As the current structure of DataCommon only allows for city/town-level data to be utilized, continue to populate the data repository with data from the US Census/American Community Survey (ACS). Consider narrowing the geographic scale of Worcester data to neighborhood-level when funding and resources allow. Because no lower-level data can currently be entered into

DataCommon for the city of Worcester, the usability and actionability of Worcester data is severely limited.

Once DataCommon is stable and well-populated with public, easily available city/town-level data (and hopefully neighborhood-level in Worcester), begin spending time and resources acquiring more specialized data sets where the need is identified by desired indicators, e.g. local town government officials or utilities companies. Carefully document all processes used to gather and use this data for the sake of repeatability and sustainability.

We recommend investigating and pursuing inclusion into the National Neighborhood Indicators Partnership to utilize the experiences of other indicators projects to more easily grow the Central Mass Indicators Project.

When publishing reports, tailor information to the community leaders identified as the target audience. Focus the discussion of project reports to areas where these organizations can focus their efforts, enabling the highest use for the indicators information.

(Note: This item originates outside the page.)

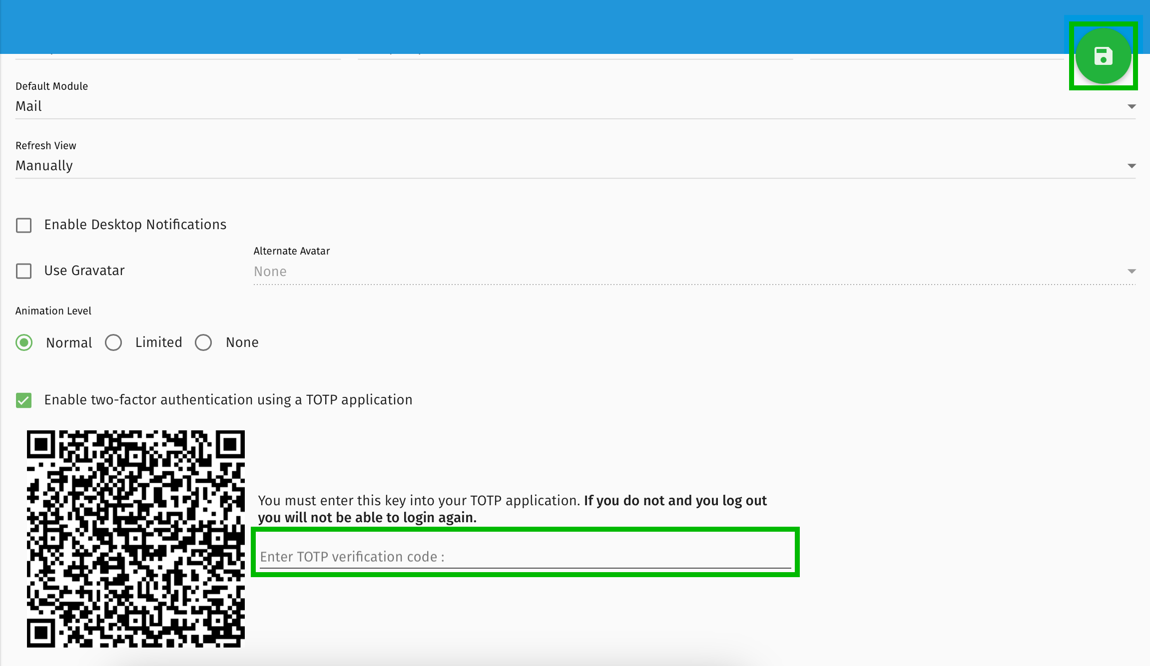 - Scroll down and select the ‘Enable two-factor authentication using a TOPT Application’.

Based on the response we saw to the DataCommon Informational Video we provided to the CMRPC, we recommend that the CMRPC continue efforts to publicize DataCommon to potential stakeholders with visual media. Given the interactive nature of DataCommon, we noted that a visual explanation is effective in explaining the tools available through the repository after several screenings with stakeholders.

It is important that the CMRPC be able to format presented reports and data in a manner which is receptive to the stakeholders. Formatting requires the CMRPC to have the ability to modify all publication materials including the website which houses DataCommon and eventually the indicators project reports and summaries. The current website is restricted to the formatting of the MetroBoston DataCommon. We recommend that the CMRPC investigate possible resources for the

creation of a new website, one specific to the Central Massachusetts region. A new website would allow the CMRPC to modify formatting to suit the needs that stakeholders express.